Dipartimento di Chimica "G. Ciamician", Universita di Bologna, Bologna, Italy.
Bull Math Biol. 2012 Nov;74(11):2535-46. doi: 10.1007/s11538-012-9761-x. Epub 2012 Aug 28.
The Henry-Michaelis-Menten (HMM) mechanism of enzymatic reaction is studied by means of perturbation theory in the reaction rate constant k (2) of product formation. We present analytical solutions that provide the concentrations of the enzyme (E), the substrate (S), as well as those of the enzyme-substrate complex (C), and the product (P) as functions of time.
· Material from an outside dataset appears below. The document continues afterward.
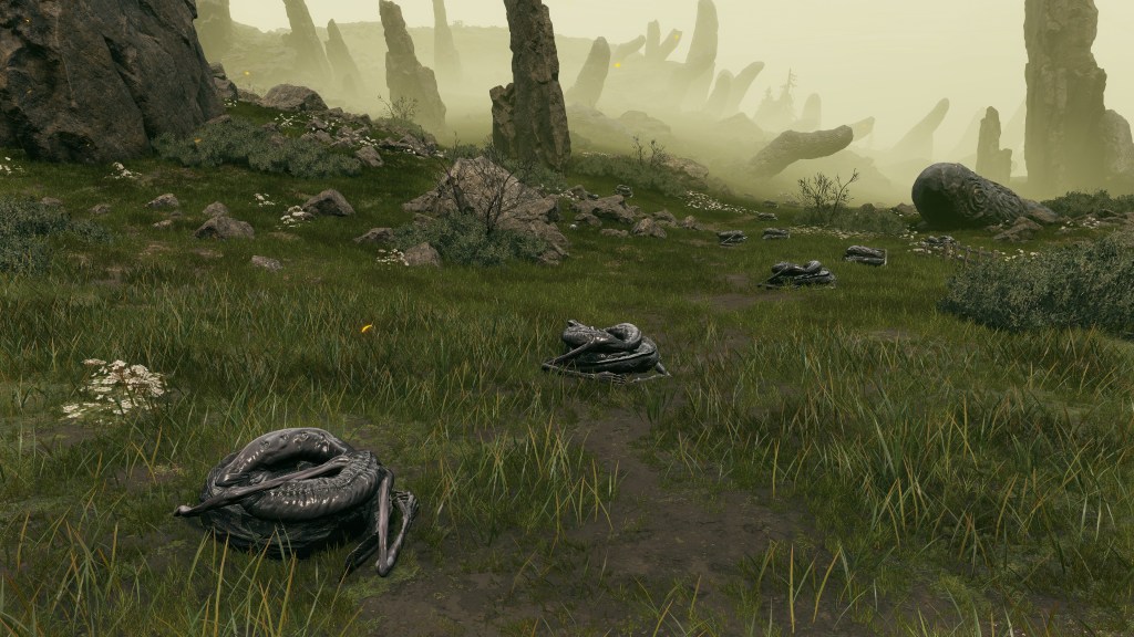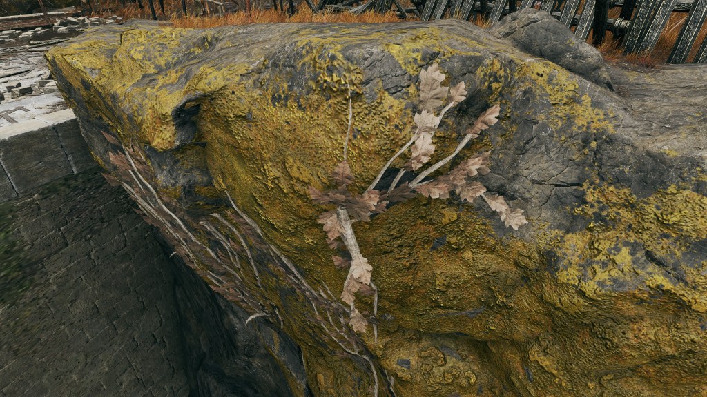 The village happens to be situated close to the Finger Ruins of Dheo, where we overwhelmingly encounter a unique variant of lampreys. These pink lampreys appear fleshier than their blue counterparts, their lower halves covered in molted membrane instead of scales. What prevents these oddities from manifesting at the ruins of Rhia? The main variable would be who resides in the surroundings to transform. The blue lampreys were the fate of typically male scholars, so could the pink version not be the end result of a female shaman’s transformation? Factor in the common gender association between pink and blue, and we can conclude that the rarer lamprey is a byproduct of the shamans settling down in the area. At least a number of villagers took interest in the spawn of Metyr over the course of the village’s history. Even assuming that these individuals were inordinately obsessed, the secrets of the Fingers must have played a role in shaping the larger clan’s shamanism. Highlighting their frequent visits, the roads to the village and Dheo both share the same wooden fencing.

For k (2) small compared to k (-1), we properly describe the entire enzymatic activity from the beginning of the reaction up to longer times without imposing extra conditions on the initial concentrations E ( o ) and S ( o ), which can be comparable or much different.
通过在产物形成的反应速率常数 k(2) 方面的微扰理论,研究了酶促反应的亨利-迈克尔利斯-门坦(HMM)机制。我们提出了解析解,这些解提供了酶(E)、底物(S)以及酶-底物复合物(C)和产物(P)的浓度作为时间的函数。对于与 k(-1) 相比较小的 k(2),我们适当地描述了反应开始后更长时间内的整个酶活性,而无需对初始浓度 E(o) 和 S(o)施加额外的条件,这些条件可以是可比的或大不相同的。